In this case, you’d need an egress gateway or dedicated proxy to handle egress traffic. What is nice is that this proxy would contain a trimmed-down list with you outlining which external services you need to connect to, without the bloated configuration issue mentioned earlier or needing to use the Sidecar resources, or networking.istio.io/exportTo
annotation in your destination service to trim the unnecessary configurations.
Ambient Sidecar-Less is Great, What about Sidecars?
Sidecars will not be going away soon - you can continue to use sidecars as you feel comfortable, or simply because you already have obtained all the required approvals from your security team. Even as ambient sidecar-less matures, I expect that sidecar will continue to play a significant role in the following use cases:
-
Source service requires specific client-side configuration
With destination service only waypoint, waypoint is acting like a gateway for the destination service(s), where the waypoint proxy implements the traffic management and policy enforcement functions. This also means all source services share the same enforcements, lacking the ability to configure specific client-side configuration overrides. In Istio’s VirtualService resource, you can use sourceLabels to configure fault injection or retry or timeout override that is specific to a given source; for example, adding HTTP fault injection only for client pods with label `env: prod`.
What if your specific source service wants to perform client overwrites on retry/timeout/fault injection/load balancer configurations? You can use sidecars where it offers the granular configuration override for each client so that your client doesn’t need to use the defaults provided by the destination service.
Figure 6: Source1 using a sidecar for its configuration overrides
-
Destination service requires destination workload-specific policies
Waypoint proxy is designed per service account or per namespace; what if you need a more granular configuration than a service account for services sharing the same service account?
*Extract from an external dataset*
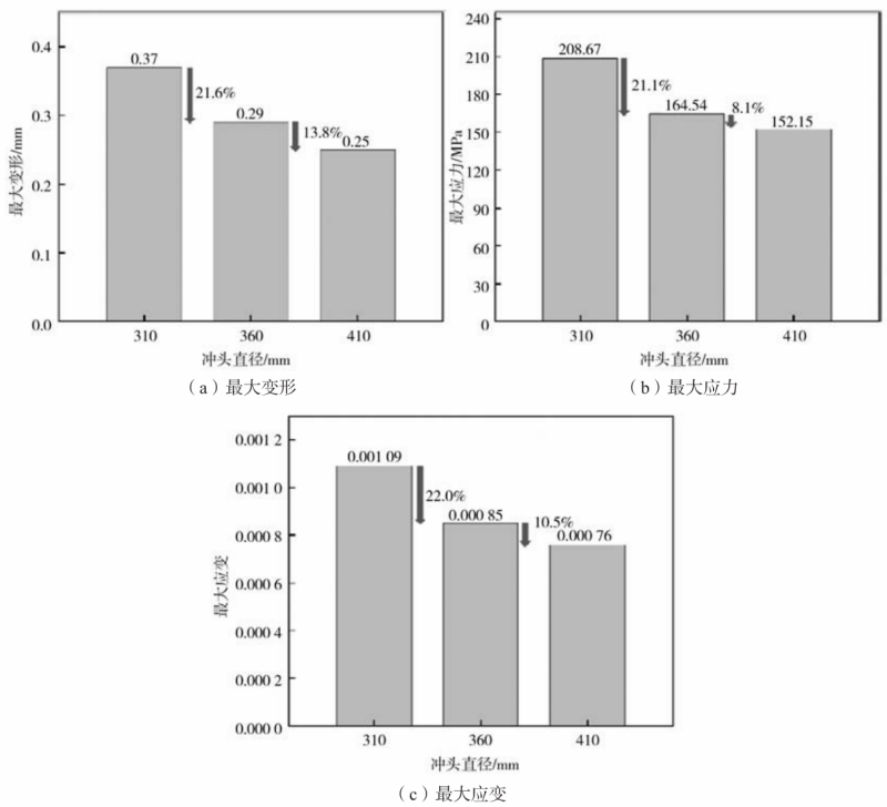 表2 壓射室、沖頭尺寸參數 對不同尺寸的沖頭和壓射室進行相同的受力設置,在相同的受力情況下(以組別2沖頭橫截面積乘以壓強100 MPa計算所得值為三組的共同受力值)進行模擬計算,組別1沖頭處換算壓強為134.86 MPa,組別2為100 MPa,組別3為77.10 MPa。如圖15所示為不同尺寸的沖頭的變形、應力和應變柱狀圖。由計算結果分析可知,隨著沖頭直徑的增大,沖頭產生的最大變形、最大應力以及最大應變均呈現減小的趨勢。沖頭直徑從310 mm增加到360 mm,沖頭產生的最大變形從0.37 mm減小到0.29 mm,減小了21.6%;最大應力從208.67 MPa減小到164.54 MPa,減小了21.1%;最大應變從0.001 09 mm/mm減小到0.000 85mm/mm,減小了22.0%。而當沖頭直徑從360 mm增大到410 mm,沖頭最大變形只減小了13.8%,最大應力減小8.1%,最大應變減小10.5%。由此可以看出,相同的受力情況下,進一步增大沖頭直徑,雖然會進一步減小沖頭所產生變形、應力以及應變,但其減小的幅度明顯降低。且進一步增大沖頭尺寸,會相應導致壓射室尺寸增大,從而帶來生產成本上升的問題。因此,在本研究中,綜合考量選擇360 mm為更優的尺寸,因為該尺寸在明顯降低了變形和應力應變值的基礎上,還保證了一定的經濟適用性,控制了成本。

For example, you need specific Telemetry or WasmPlugin or RequestAuthentication or EnvoyFilter configuration for the Destination1 service, but not for the Destination 2 service, when they both share the same service account. You can continue to use sidecars when you need a specific destination service configuration that is more granular than a per service account. Alternatively, instead of running with a sidecar proxy, you could create a dedicated waypoint proxy for destination 1 with its own service account.
Figure 7: Destination service-specific policy is enforced on Destination 1 service using sidecars
-
Sidecar and sidecar-less can co-exist and interop
A starting boundary for sidecar vs sidecar-less is at namespace level, where you define one or more specific namespaces to be sidecar-less via the istio.io/dataplane-mode=ambient namespace label. When the sidecar injection label co-exists with the ambient sidecar-less label on the namespace, the sidecar injection label always wins. This design ensures you can easily migrate from sidecar to sidecar-less, or from sidecar-less to sidecar based on your specific business requirements.
The Future of Istio Ambient Mesh
A lot of exciting stuff is happening in the Istio community for ambient mesh. The ambient mesh has graduated out of the experimental branch and merged into the upstream main branch so that it can be easily installed with the upcoming Istio 1.18 or newer release. We are continuing to evolve ambient mesh to improve its performance, scalability, and debuggability, just as the above updates of Rust-based ztunnel and destination service-only waypoint proxy show. As the community works towards making ambient mesh production ready as the default in Istio, we invite you to be part of the journey, with your feedback or contribution to help shape the ambient mesh, in the ambient channel on the Istio Slack or GitHub.